CANDEL Program Joins the Carnegie Project on the Education Doctorate (CPED) Consortium: The School of Education’s doctorate in educational leadership (CANDEL) program was selected to become a member of the Carnegie Project on the Education Doctorate (CPED) Consortium. CPED is a network of faculty, administrators and practitioners representing more than 100 EdD programs across the nation. The consortium is committed to working together in order to better understand the needs of PK-20 leadership and prioritize the development of EdD programs.

In other news:

  • Jennifer Martinez joined the School as Senior Director of Development.
  • Wheelhouse: The Center for Community College Leadership and Research welcomed Los Angeles Community College District (LACCD) Chancellor Francisco Rodriguez as Wheelhouse’s Chancellor in Residence for 2020. 
  • We launched our Expanding Equity in Education Speaker series. The first two events featured experts on speculative civil literacies and addressing bias in research on higher education.
  • PhD student Yared Portillo named a 2020 Mellon Public Scholar.
  • Long-time School of Education lecturer and supervisor Beth Foraker, ’86, Cred. ’87 has played a key role in securing a $2.1 million grant from the U.S. Department of Education to create an inclusive, four-year college program for students with intellectual disabilities at UC Davis, called Redwood SEED.
  • New Dean’s Board of Advisors members were appouinted: Davis Joint Unified School District Superintendent John Bowes and Jennifer L. Johnson, who currently serves as Vice President of Government Relations for Calbright College.
  • The School received $50,000 gifts from both PowerSchool Inc. and Microsoft to remodel one of our classrooms as part of our Classroom Improvement Project.

Faculty News

  • Associate Dean and Prof. Cynthia Carter Ching chosen to serve as interim vice provost and dean of Undergraduate Education for UC Davis.
  • Dean Lauren Lindstrom received a Distinguished Researcher Award from the American Educational Research Association (AERA) Special and Inclusive Education Special Interest Group.
  • Prof. Michal Kurlaender elected into the National Academy of Education.
  • Prof. Megan Welsh named a 2019­–2020 UC Davis Chancellor’s Fellow
  • Prof. Elizabeth Montaño named Chair of the CANDEL Program.
  • Prof. Darnel Degand and Prof. Nicole Sparapani named 2020 Hellman Fellows. The Hellman Fellows Fund provides research support to promising faculty members when they need it most, in the early stages of their careers.
  • Prof. Margarita Jimenez-Silva an inaugural UC Davis Chancellor’s Fellow for Diversity, Equity and Inclusion. 
  • Prof. Danny C. Martinez appointed Chair of the Graduate Group in Education for a three-year period. 

Grants

School of Education researchers were awarded a variety of funding awards in 2020. Here are just a few:

Prof. Margarita Jimenez-Silva named a co-principal investigator on a $1.6 million grant from the National Science Foundation’s Advancing Informal STEM Learning program.
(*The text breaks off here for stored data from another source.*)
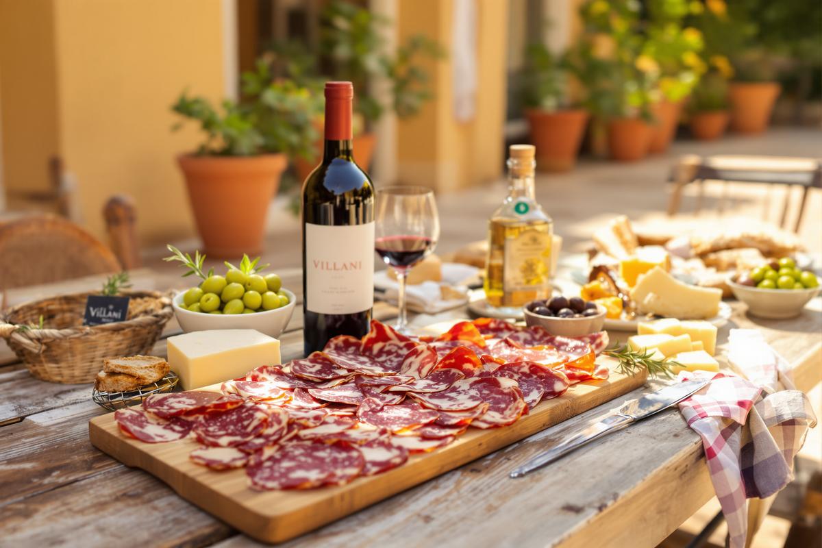 Le saucisson Villani s’accorde parfaitement avec des fromages à pâte dure comme le pecorino ou le parmesan affiné. Pour un contraste doux, optez pour un brie truffé ou une tomme légère. Côté vins, un Chianti ou un Barbera équilibrent bien sa richesse, tandis qu’un vin blanc sec type Vermentino accentue sa finesse. En apéritif, accompagnez-le aussi de pain de campagne et d’olives noires pour une touche méditerranéenne.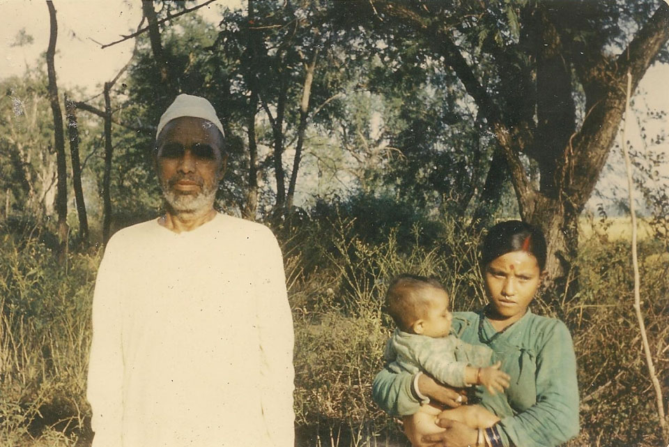 Caption: Date: 1967 Location: Sanischare, Jhapa Description: A family that was living outside of Saniscare bazaar. Wife holding her child is very young. Keywords: Beth Prentice, Bob Frank, Families, Family, Nepal Photo History Project, Peace Corp Photo History, People, portrait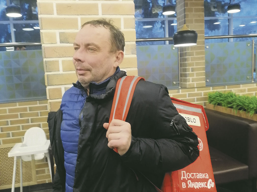 Сложнее всего почему-то разговорить пеших курьеров. Устав бегать за ними под хлопьями мокрого снега, прячусь от холода в кафе и едва не спотыкаюсь о стоящий на полу большой жёлтый рюкзак с надписью «Доставка». Его обладатель спокойно ждёт заказ и, кажется, никуда не спешит. Пользуясь моментом, подсаживаюсь к нему за столик.

Prof. Marcela Cuellar named program evaluator for the first federal HSI grant received by UC Davis, included among two National Science Foundation grants totaling more than $1 million.
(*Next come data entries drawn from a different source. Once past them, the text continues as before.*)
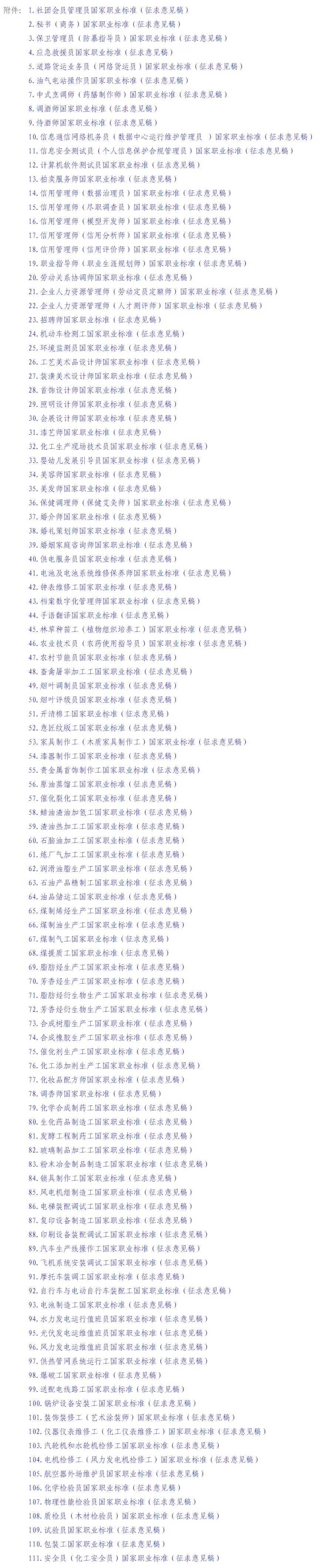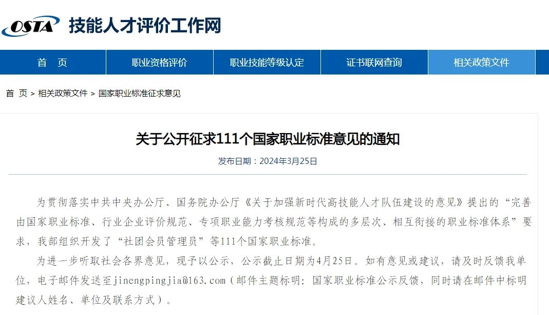 為貫徹落實中共中央辦公廳、國務院辦公廳《關(guān)于加強新時代高技能人才隊伍建設的意見》提出的“完善由國家職業(yè)標準、行業(yè)企業(yè)評價規(guī)范、專項職業(yè)能力考核規(guī)范等構(gòu)成的多層次、相互銜接的職業(yè)標準體系”要求,近期,人力資源社會保障部組織開發(fā)了“社團會員管理員”等111個國家職業(yè)標準。為進一步聽取社會各界意見建議,現(xiàn)在技能人才評價工作網(wǎng)公示征求意見,公示截止日期為4月25日。如有意見或建議,請按公示要求及時反饋。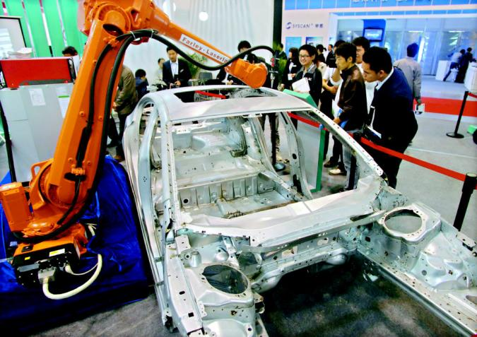 第八届光博会,华工科技的展台,摆放着一辆标致508的白车身。(资料图)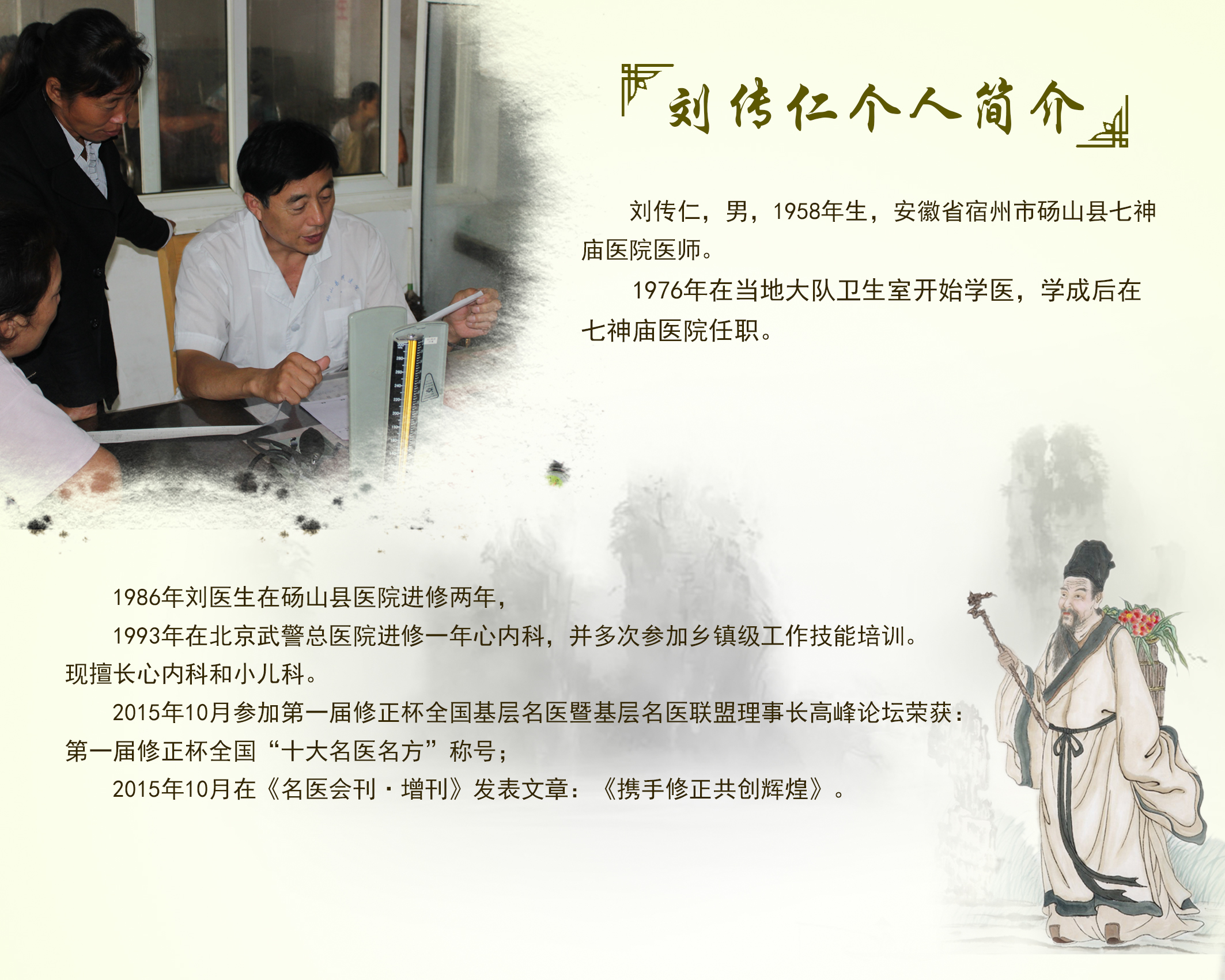 首先做下自我介绍:我,刘传仁,砀山七神庙医院的一员。和修正的缘分,还要从 16 年前(2001年-2015年)说起。我们卫生室是2012年开始接触修正精芪双参胶囊的,第一次也不了解精芪双参胶囊这个产品,也不敢使用。后来修正业务员杨总接连去我那五次我都没有理会他,还是后来我弟弟总是看到他,才决定和他聊聊的,就这样在第七次我看了他的产品,最后我要了1件也就是200盒精芪双参胶囊。用了这一件之后,它的效果就真的出来了,很多客户就过来反应这个药不错。自此也有了第二次的10件 ,到现在的一次进货120件。修正的精芪双参胶囊在我们这卖的这么好,走的量这么大,源于修正产品的质量、客户的需求。我这边因为精芪双参胶囊受益的人太多,举两个病例来说一下:

Prof. Tony Albano named a co-principal investigator on a $1 million grant from the Governor’s Office of Planning and Research titled “Rebalancing the Equity Gap in Chemistry Education with Individualized Adaptive Learning.” 
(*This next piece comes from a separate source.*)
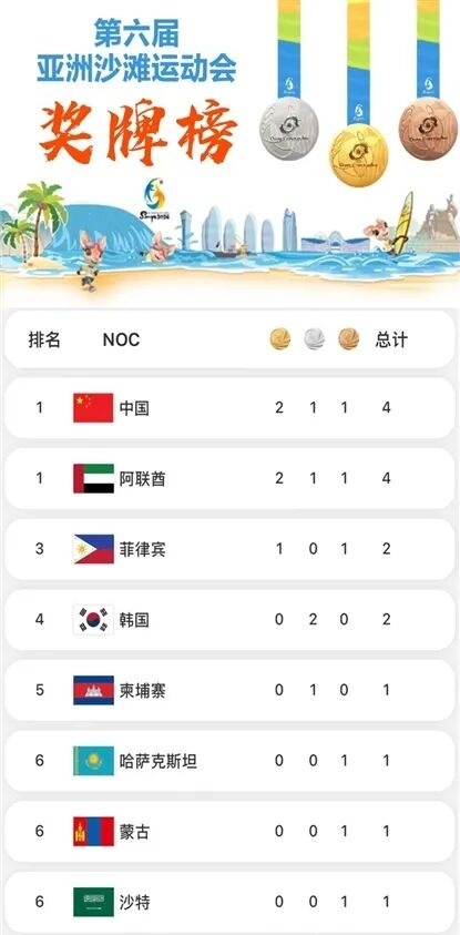 第六届亚洲沙滩运动会奖牌榜出炉!截至4月23日,中国代表队与阿联酋代表队皆获得2枚金牌、1枚银牌和1枚铜牌,暂时并列第一,紧随其后的是获得1枚金牌和1枚铜牌的菲律宾代表队。

Prof. Cassandra Hart received a Spencer Foundation Grant to explore  COVID-19 Impacts on community colleges.

Resourcing Excellence in Education (REEd) received a grant to support the ESSA Leadership Learning Community, a national partnership of the Council of Great City Schools, Council of Chief State School Officers, and the National Urban League, funded by the Wallace Foundation.